● **What is required**:
Output, word for word, the line that contains "Купить Кухонная мойка" and all lines after it in the records below, omitting pictures.

..............................

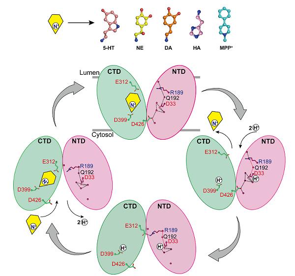 单胺类神经递质包括去甲肾上腺素、肾上腺素、多巴胺、血清素和组胺等,在神经系统和其他组织中发挥着重要的生理作用。其中,在神经系统中,去甲肾上腺素介导调节情绪,认知,疼痛等多种生理功能,同时它也影响大脑注意力和反应行为,诱发“战斗或逃跑”反应。多巴胺在调节运动和奖励方面发挥着重要作用,被认为与帕金森病和精神分裂症等精神疾病有关。而血清素则是"幸福感"的来源,同时也具有调节睡眠节律的作用。囊泡单胺转运蛋白(VMAT2)是中枢神经系统中唯一介导单胺类神经递质储存的转运蛋白。它利用质子的电化学势,以2:1的质子与底物的化学计量比,将神经递质或神经毒素MPP+转运进入囊泡中,在介导神经冲动传递和神经保护方面发挥着至关重要的作用。
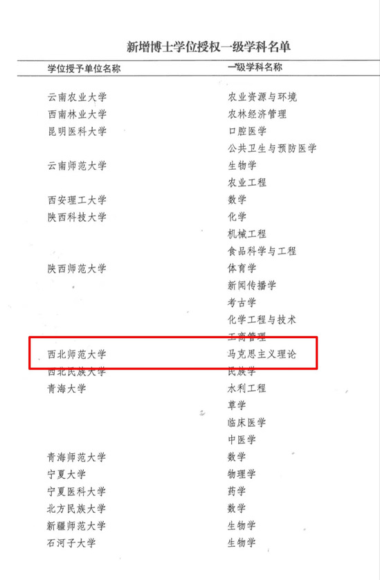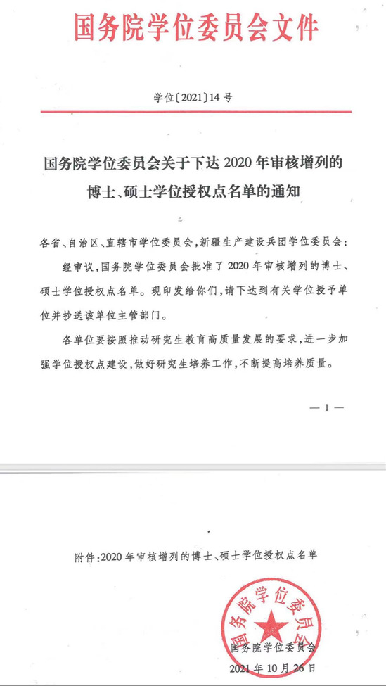 2021年11月10日,国务院学位委员会公布了《关于下达2020年学位审核增列的博士、硕士学位授权点名单的通知》(学位[2021]14号),公司成功获批马克思主义理论一级学科博士学位授权点。这是继2006年获批马克思主义基本原理、思想政治教育二级博士学位授权点之后,公司在马克思主义理论团队建设方面取得的重大突破,标志着公司学科发展进入到了一个新的阶段。
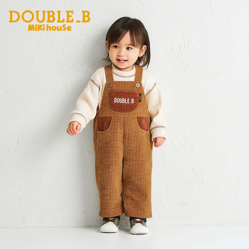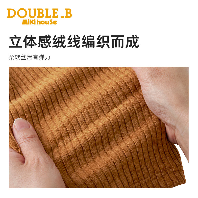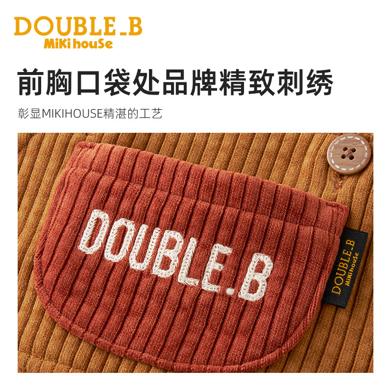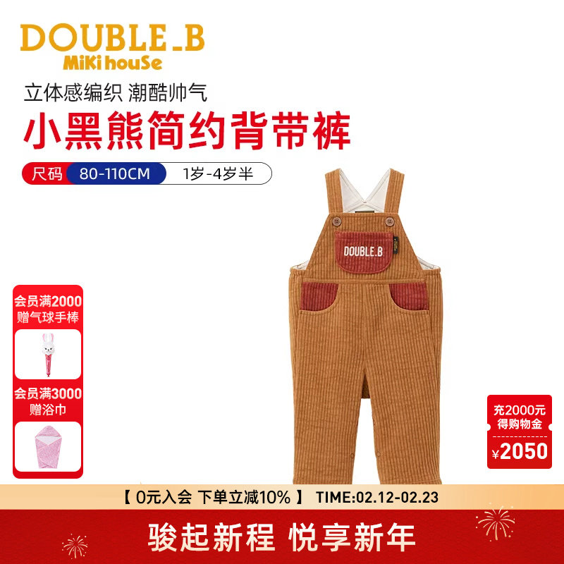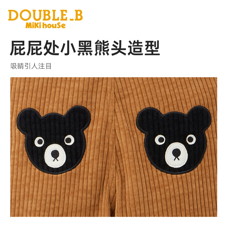 📚 MIKIHOUSE儿童裤子背带裤春秋小黑熊刺绣徽章弹力长裤DOUBLE_B
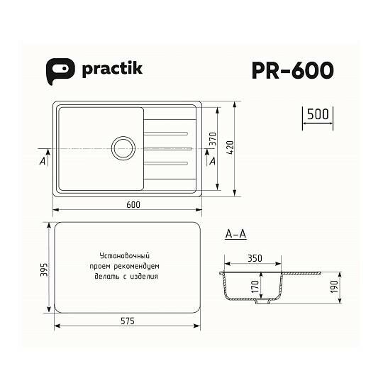 Купить Кухонная мойка Practik PR-M-600-004 (без сифона), черный оникс
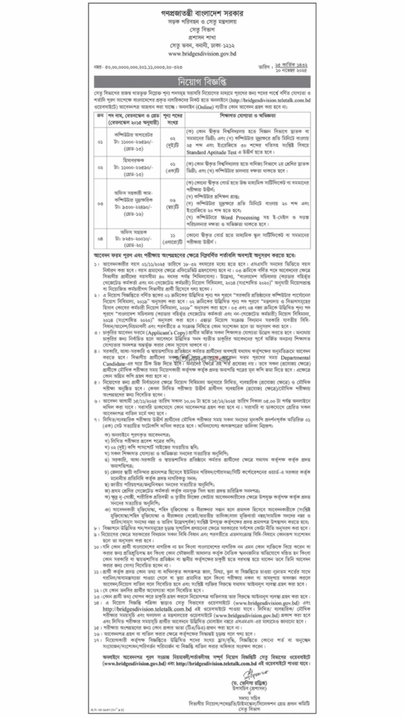 প্রার্থীদের অনলাইনে আবেদন করতে হবে 👉 https://bridgesdivision.teletalk.com.bd/
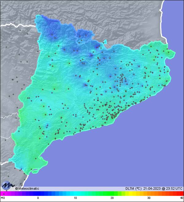 | 21-04-2023 | | | Máx. | Mín. | | | Temperatura | 16,8 | 9,4 | °C | | Humedad | 95 | 72 | % | | Viento | 45 | n/a | km/h | | Presión | 1.009 | 1.005 | hPa | | Precipitación | 0,3 | mm |

..............................

● **Response area**:
 Купить Кухонная мойка Practik PR-M-600-004 (без сифона), черный оникс
 প্রার্থীদের অনলাইনে আবেদন করতে হবে 👉 https://bridgesdivision.teletalk.com.bd/
 | 21-04-2023 | | | Máx. | Mín. | | | Temperatura | 16,8 | 9,4 | °C | | Humedad | 95 | 72 | % | | Viento | 45 | n/a | km/h | | Presión | 1.009 | 1.005 | hPa | | Precipitación | 0,3 | mm |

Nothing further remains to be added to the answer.